AI Agents Need Field Input
AI agents are entering small business, but HVAC teams need field input first. A practical guide to microphone placement vs sealing trade-offs.

You can ship a useful AI agent for an HVAC shop only after you decide what counts as field input.
You know the moment. A return visit opens, the work order says “checked system,” and the service manager has to ask the tech what was actually checked at the unit, what the homeowner said, and why the decision was made.
Why the AI agent trend changes the hardware question
The Small Business & Entrepreneurship Council is right to point out that AI agents are moving into normal small-business operations. That matters. But in skilled trades, the bottleneck is not whether an agent can summarize, route, or draft.
The bottleneck is whether the agent receives the real job context before it has already evaporated.
Take a common anonymized case: a residential HVAC company using a field-service SaaS platform. ServiceTitan, Housecall Pro, Jobber, and Dynamics are good at workflow. They can hold the appointment, the invoice, the asset, the customer record, and the next task.
But they still depend on a human typing field reality into boxes after the attic is hot, the homeowner is waiting, and the tech is already thinking about the next stop.
Step one: define the input object
Do not define the product as audio. Define it as permitted work memory attached to a job.
- Customer words: what they described in their own language, searchable next visit.
- Technician observations: what was checked at the unit but never reached the work order.
- Decision context: why repair, monitor, quote, or escalate was chosen.
- Handoff facts: what the next tech or office reviewer needs without reconstructing the day.
That is the frame behind Hearit.ai HA-MIC01: not a recorder, not supervision, but a hands-free field input device designed to help permitted spoken work become service reports, work orders, and searchable Frontline Work Memory.

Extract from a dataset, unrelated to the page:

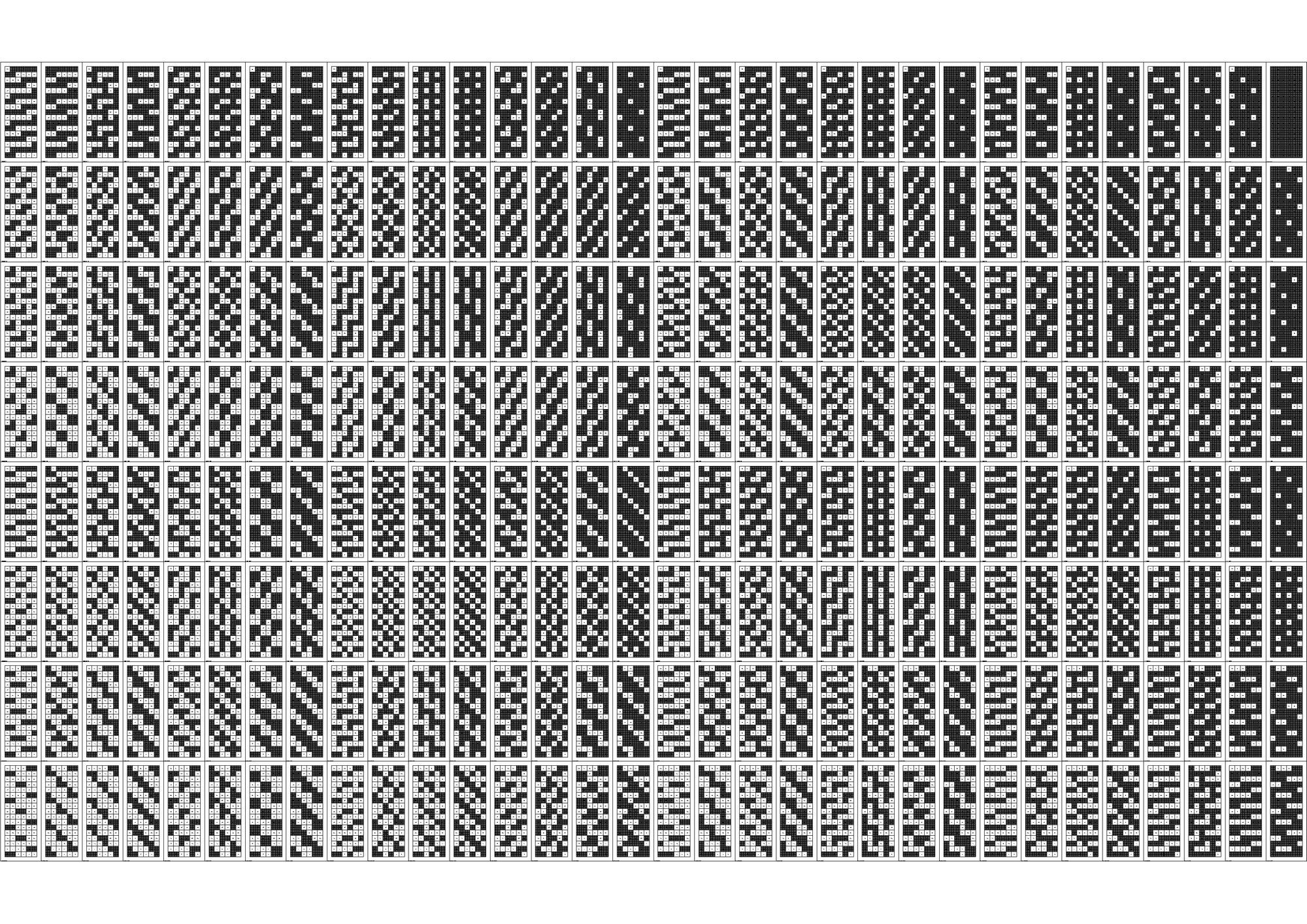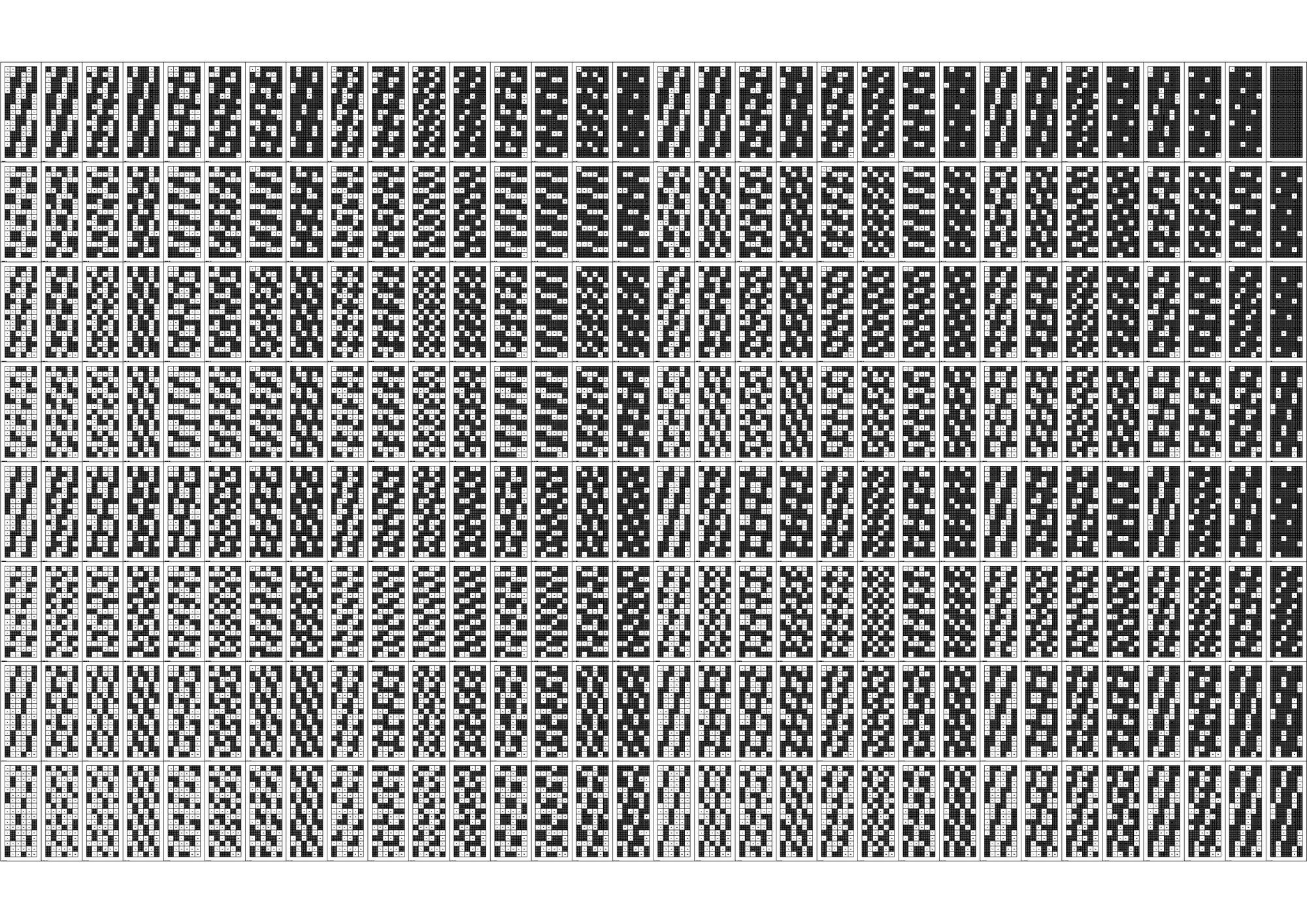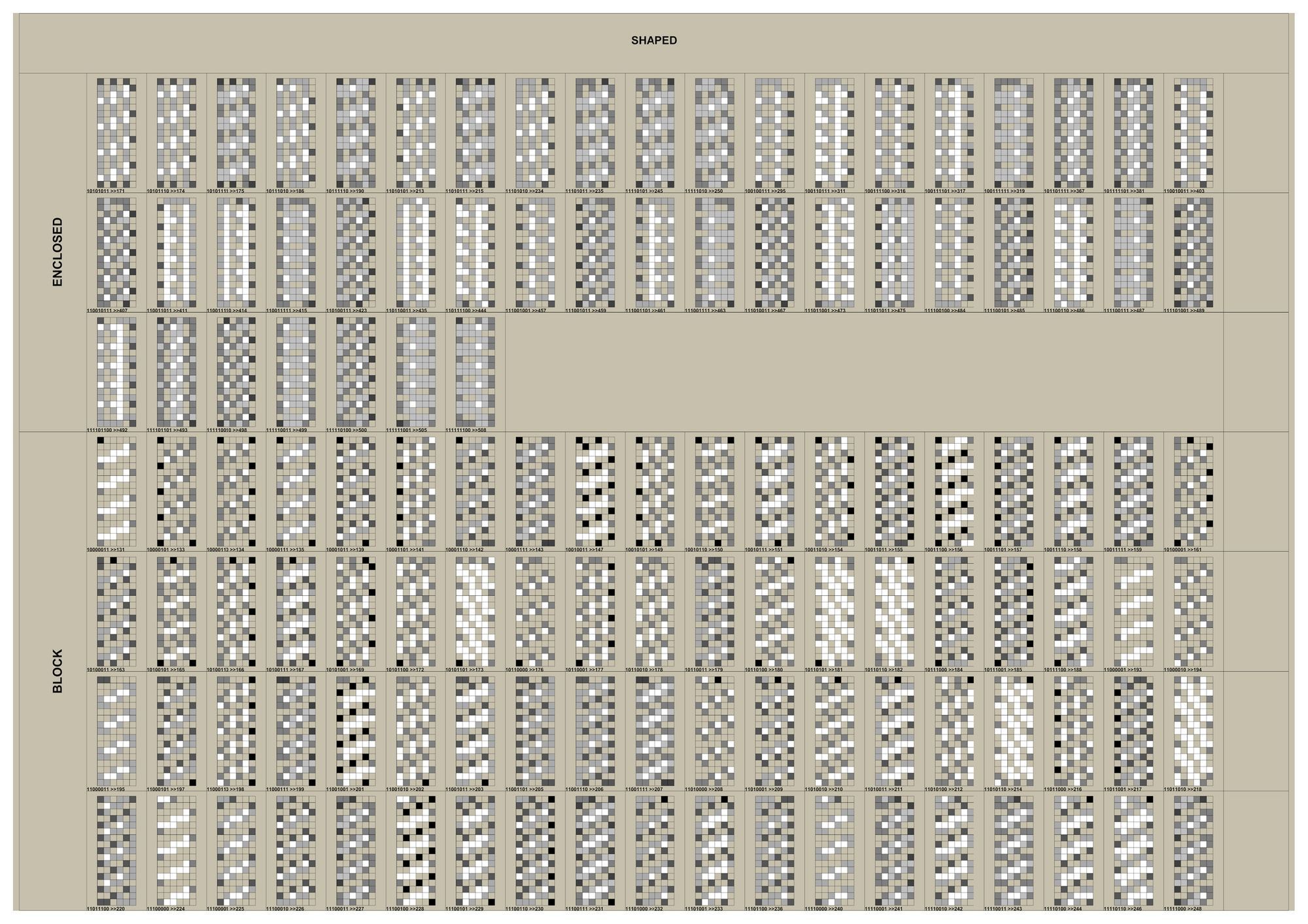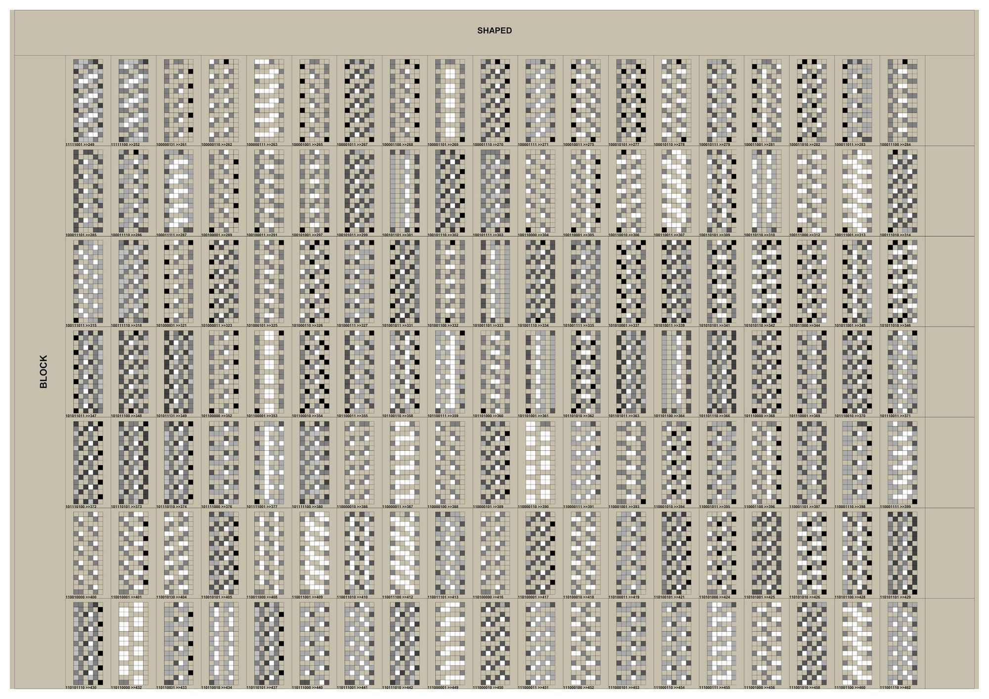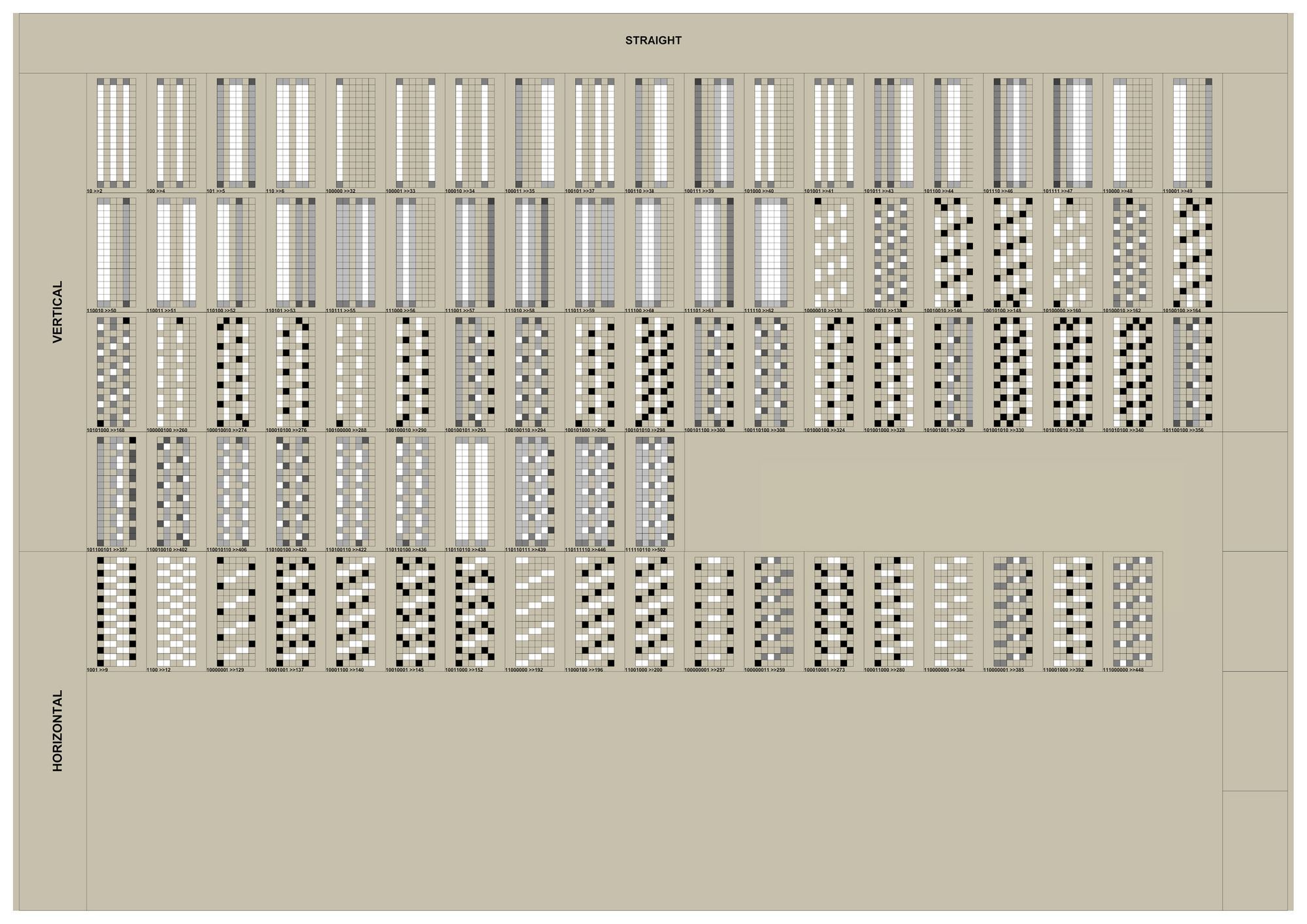 연구의 첫 Test Bed로 선정하게 된 아파트는 18층, 3베이의 주동모듈을 갖고있었다. 수직증축시 디자인의 Variation을 줄 수 있는 방법 중 에너지효율과 가장 밀접한 연관을 갖고있는 요소는 세대, 혹은 베이의 돌출여부였고 이를 이용한 입면 디자인의 군집 및 가능성에 대한 분석이 필요하였다. 다음은 True/False로 보일 수 있는 입면디자인 대안을 만들어 내기위해 Binary Code를 지수와 자리수별로 분류하여 테스트베드 대상 주동입면에 적용한 결과 이미지이다.

Pick the last return customer with a vague work order.
Without checking the system, what did your tech say about the unit, the homeowner’s concern, and the decision made on site? Now check the record. The gap is the product requirement.
Step two: choose the microphone trade-off early
For a wearable field voice product, microphone placement versus enclosure sealing is not a detail. It is a category decision.
There are three practical options.
- Open acoustic path near the chest or collar: better speech pickup and lower DSP burden. The cost is exposure: sweat, dust, lint, rain at the door, cleaning chemicals, and acoustic mesh contamination.
- Sealed or semi-sealed enclosure with a protected port: better mechanical protection and a cleaner industrial design. The cost is muffled consonants, more tuning work, tighter assembly control, and more risk that every unit sounds slightly different.
- Remote mic on a cable or connector: often the best position for voice. The cost is snag risk, connector fatigue, field replacement complexity, and more user behavior to control.
The right answer changes with the job. A crawlspace inspection, a furnace closet, a roof unit, and a customer doorway are different acoustic environments. PPE changes it. Clothing changes it. Whether the device is cleaned daily or thrown into a truck bin changes it.
“Reconstruction can get cheaper. Original field context does not come back.”
Step three: do not let EVT lie to DVT
A product team should separate learning stages cleanly. EVT should prove the acoustic geometry, consent indication, mounting behavior, and basic job mapping. DVT should stress the enclosure, cable routing, cleaning assumptions, and production materials. PVT should expose whether the factory can repeat the sound, not just assemble the shell.
The common mistake is freezing the enclosure because the demo sounds good in a conference room. Then the first realistic service environment turns the AI agent into a confident guesser.
The durable rule for product teams
If your small-business AI agent depends on field truth, the hardware specification is part of the agent design. Not an accessory. Not a peripheral. The input product decides what the model is allowed to know.
For the HVAC company in our case, the issue is not replacing its SaaS or replacing the technician. The issue is that the business already knew more than it recorded. The 30-year veteran’s pattern recognition, the homeowner’s exact description, and the reason behind the recommendation were present for a few minutes, then scattered.
Consent-first design matters here. Worker-controlled, transparent, work-only memory protects technician dignity while making the job record more useful for professional review.
If you are evaluating this category, start with a de-identified work order or service report and mark the fields your team finds hardest to fill accurately after the visit. That map is more valuable than a feature list. The AI agent will not know what the business knew; it will know what the product made available at the moment of work.